(MATERIAL PROVIDED Opens)

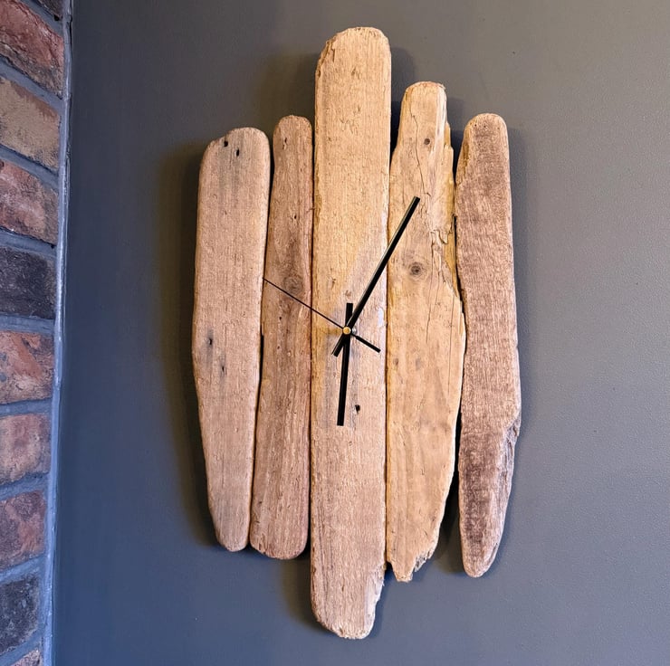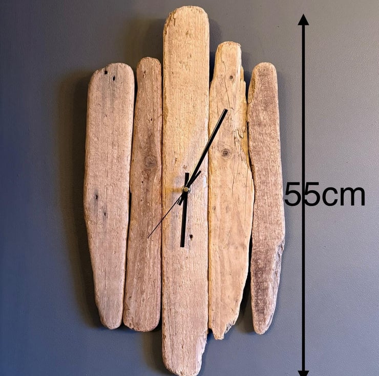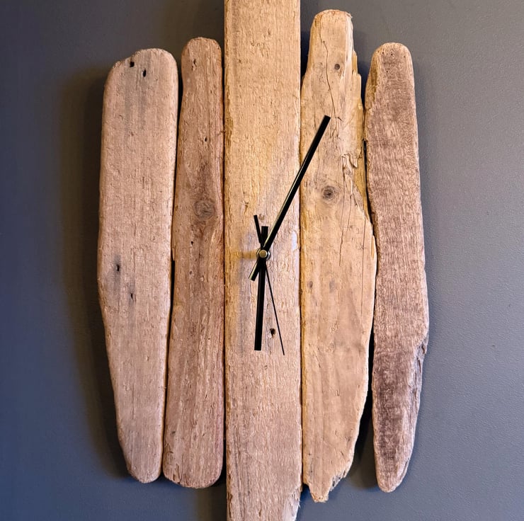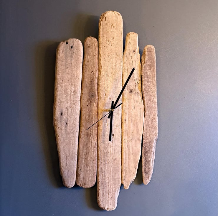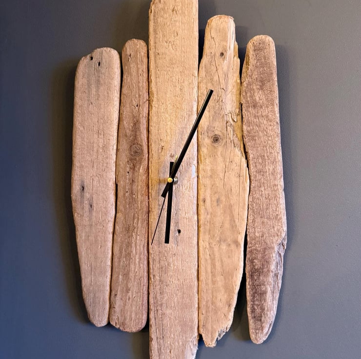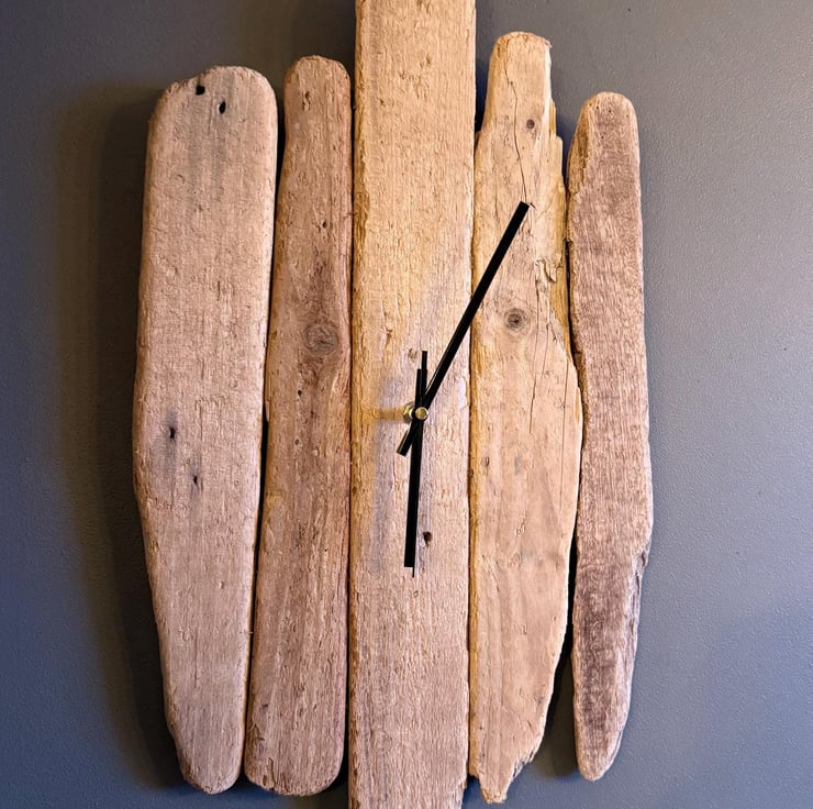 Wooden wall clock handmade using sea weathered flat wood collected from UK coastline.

(MATERIAL PROVIDED Closes)
(MATERIAL PROVIDED Opens)

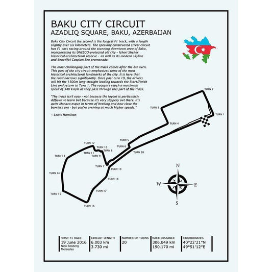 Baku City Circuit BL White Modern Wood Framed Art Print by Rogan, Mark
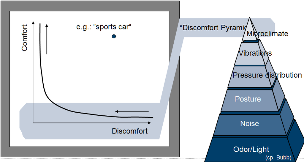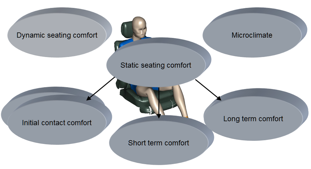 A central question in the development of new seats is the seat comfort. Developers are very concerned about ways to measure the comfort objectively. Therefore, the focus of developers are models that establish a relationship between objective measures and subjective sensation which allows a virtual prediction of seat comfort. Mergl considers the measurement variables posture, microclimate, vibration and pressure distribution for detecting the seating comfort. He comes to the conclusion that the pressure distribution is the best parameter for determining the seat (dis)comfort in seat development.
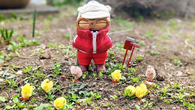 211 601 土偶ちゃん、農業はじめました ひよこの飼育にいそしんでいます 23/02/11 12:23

(MATERIAL PROVIDED Closes)

**WORK INSTRUCTION**
Only one part of the listing is wanted: the lines from the one containing "Baku City Circuit" through the one containing "211 601 土偶ちゃん、農業はじめました", both included. Please transcribe it exactly, leaving out the pictures.

**ANSWER TO THIS PROBLEM**
 Baku City Circuit BL White Modern Wood Framed Art Print by Rogan, Mark
 A central question in the development of new seats is the seat comfort. Developers are very concerned about ways to measure the comfort objectively. Therefore, the focus of developers are models that establish a relationship between objective measures and subjective sensation which allows a virtual prediction of seat comfort. Mergl considers the measurement variables posture, microclimate, vibration and pressure distribution for detecting the seating comfort. He comes to the conclusion that the pressure distribution is the best parameter for determining the seat (dis)comfort in seat development.
 211 601 土偶ちゃん、農業はじめました ひよこの飼育にいそしんでいます 23/02/11 12:23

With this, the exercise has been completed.